Tanzanian-Water-Wells

Navigating the Notebook

Some things worth noting:

Work on this notebook was performed in two seperate environments:

The notebook in the main file uses the environment found in environment.yml
The notebook used for mapping in the geopandas file uses the environment found in geoenvironment.yml

Business Understanding and Business Problem

IHH Humanitarian Relief Foundation is an NGO that provides and maintains water wells in areas where clean water is inaccessible. Building an accurate classification model to predict whether a pump is functional, or in need of repairs will help to streamline their operations. These predictions will maximize their maintenance operations and will ensure clean and potable water is available to the people of Tanzania.

Cost of Errors

Tanzania has an area of 364,900 mi² which makes it the 30th largest country in the world.

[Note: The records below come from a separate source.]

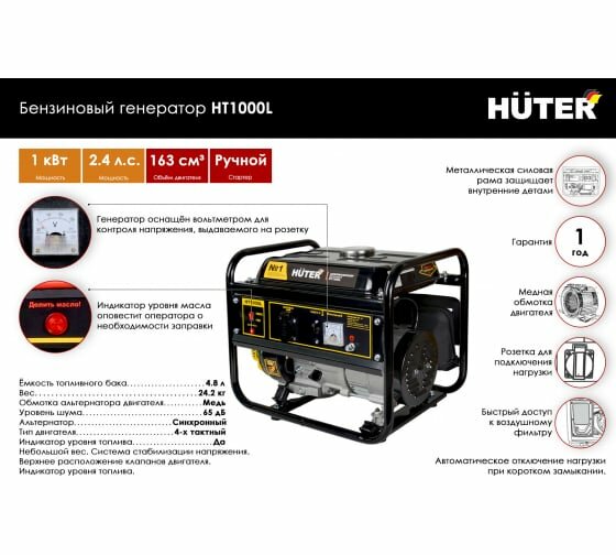 СохранитьПортативный бензогенератор HUTER HT1000L интересное: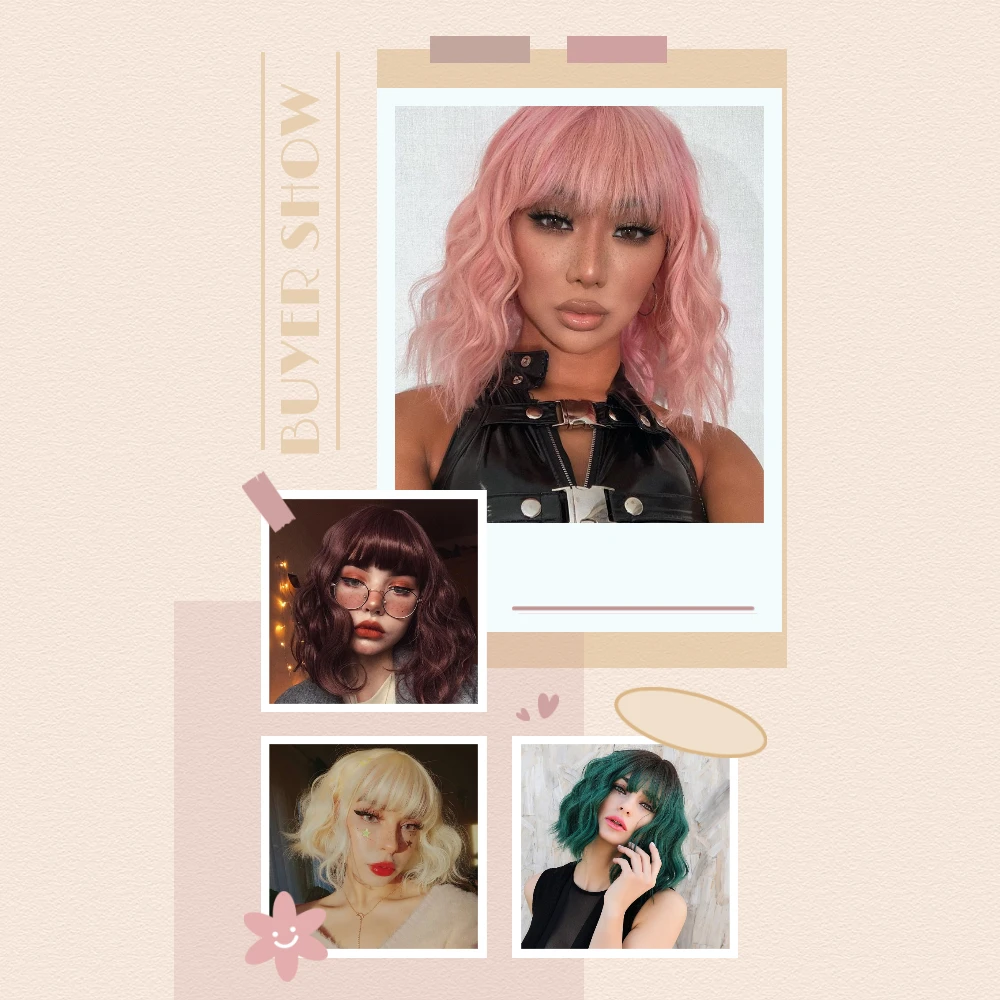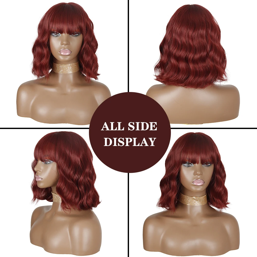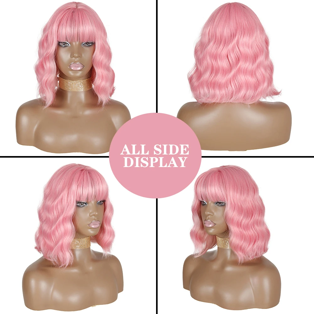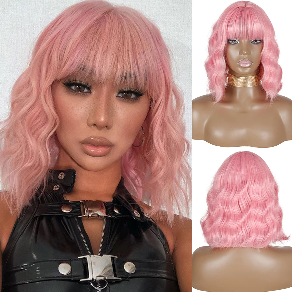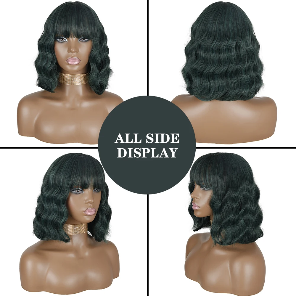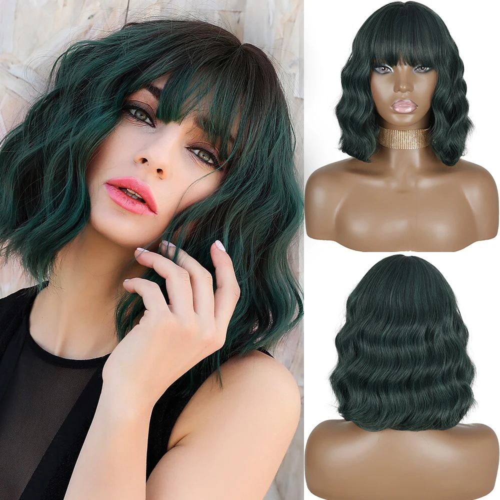 Синтетические парики для женщин, короткие волнистые парики с челкой...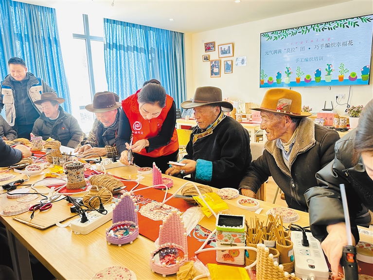图为堆龙德庆区德庆镇老幼日间照料中心社工与老人共同制作手工艺品。通讯员 白玛央金 摄
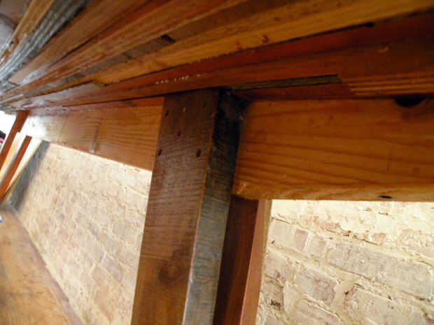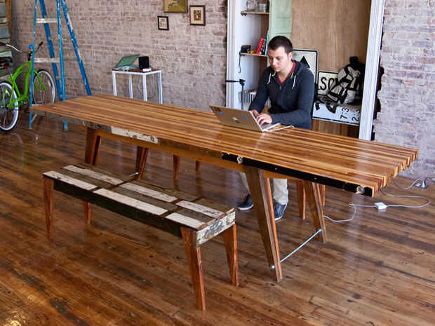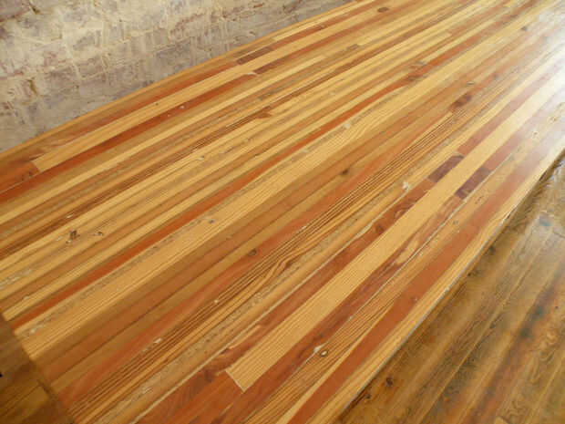 Hay muchos métodos para laminar madera, este proyecto se centra en un método de abajo y sucio para los que no poseen un lote de abrazaderas para tubos y otro hardware resistente para lucha con madera salvaje. Es aproximadamente diez pies de largo por que treinta pulgadas de ancho, sentado cerca de treinta pulgadas de la tierra. Si puede salvar la madera, otros materiales no son demasiado caros: cinco roscado de barras, de unos cuatro dólares cada uno; tuercas, arandelas y tornillos; un galón o menos de cola para madera; papel de lija; y poliuretano. Dicho todo esto, era menos de cien dólares.

According to trade.gov, the managed national road network consists of 21058 miles of roadway, comprising 7944 miles of trunk and 13114 miles of regional roads. Due to the size of the country, the condition of infrastructure, and a limited budget of both capital and manpower, it is important to only deploy maintenance and repair efforts to the locations that are positively in need of repair.

Constructing a well in Tanzania can cost upwards of $10000 (The Living Water Project) depending on factors such as:

cost of goods and labor
necessary drilling depth
amount of rock to drill through
location of well
cost of fuel (drilling and transportation)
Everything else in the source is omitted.